There remains the question whether His Honour failed properly to put the defence.  In the end the only point of complaint was that at one part of his statement of the defence case, His Honour made a dismissive comment, namely "the thought may occur to you that if S was going to lie about matters of that evening, why she may not go further and give some evidence, lying, or false evidence, of in fact witnessing something happening to K".  This was a comment well within the discretion of the learned trial Judge to give.  His Honour summarised the defence's submissions at some length, and other than for the above comment, did not do so in a disparaging manner, or state the points for the apparent purpose of demolition.  The present case does not nearly approach the level of imbalance or failure to put the defence case that would call for appellate interference (cf. R. v. Schulz C.C.A. unreported 19th April, 1991).  In our view the application for leave to add the additional ground should be refused and the appeal should be dismissed.

IN THE COURT OF APPEAL

SUPREME COURT OF QUEENSLAND  Appeal No. 165 of 1992

Before the Court of Appeal

The President

Mr. Justice Davies J.A.

Mr. Justice Thomas

THE QUEEN

v.

S

(Appellant)

JUDGMENT OF THE COURT

Delivered the 21st day of August, 1992

MINUTE OF ORDER:        Application for leave to add additional ground refused and appeal dismissed.
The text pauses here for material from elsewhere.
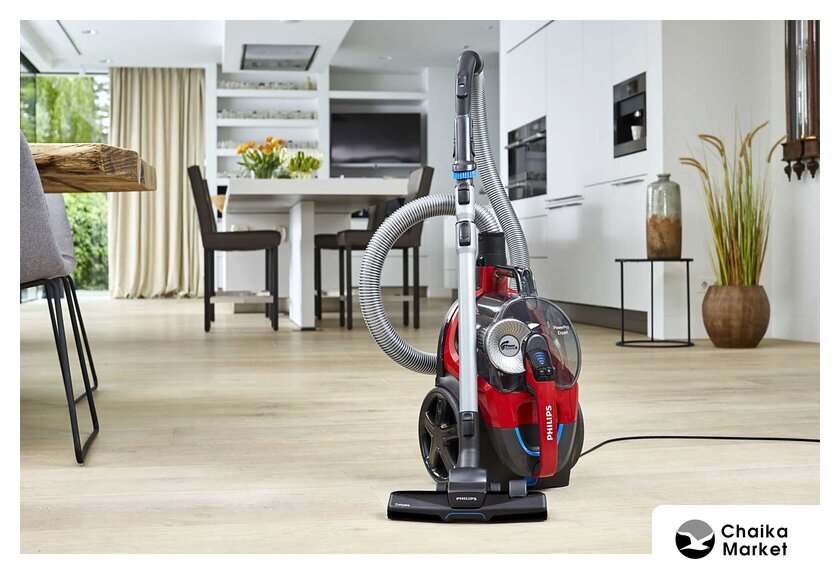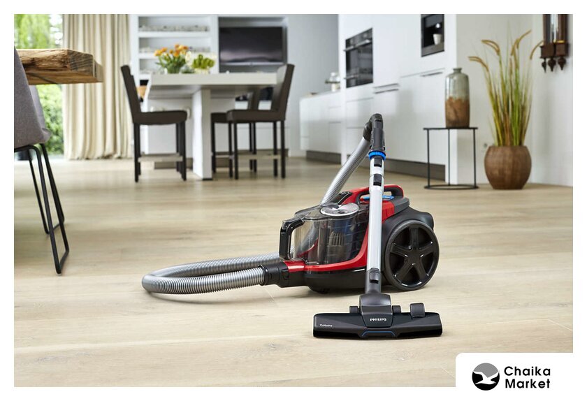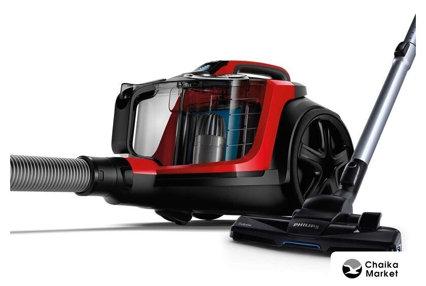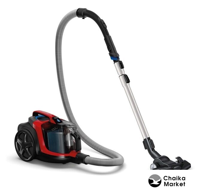 бытовой для сухой уборки, пылесборник: контейнер (циклонный), мощность всасывания: 380 Вт, потребление: 1800 Вт, труба: сталь, регулировка мощности на ручке, шум 87 дБ

CATCHWORDS:                 Criminal law - sexual offences - corroboration - whether necessary to state reason for traditional warning.

Counsel:D. Bullock for the Crown

A. Rafter for the Appellant

Solicitors:Director of Prosecutions for the Crown

Legal Aid Office, Queensland for the Appellant

Hearing date:  10th August, 1992.

N THE COURT OF APPEAL

SUPREME COURT OF QUEENSLAND  Appeal No. 165 of 1992

THE QUEEN

v.

S

(Appellant)

_______________________________________

The President

Mr. Justice Davies

Mr. Justice Thomas

_______________________________________

Reasons of the Court delivered on the 21st day of August, 1992

_______________________________________

APPLICATION FOR LEAVE TO ADD ADDITIONAL GROUND REFUSED AND APPEAL DISMISSED.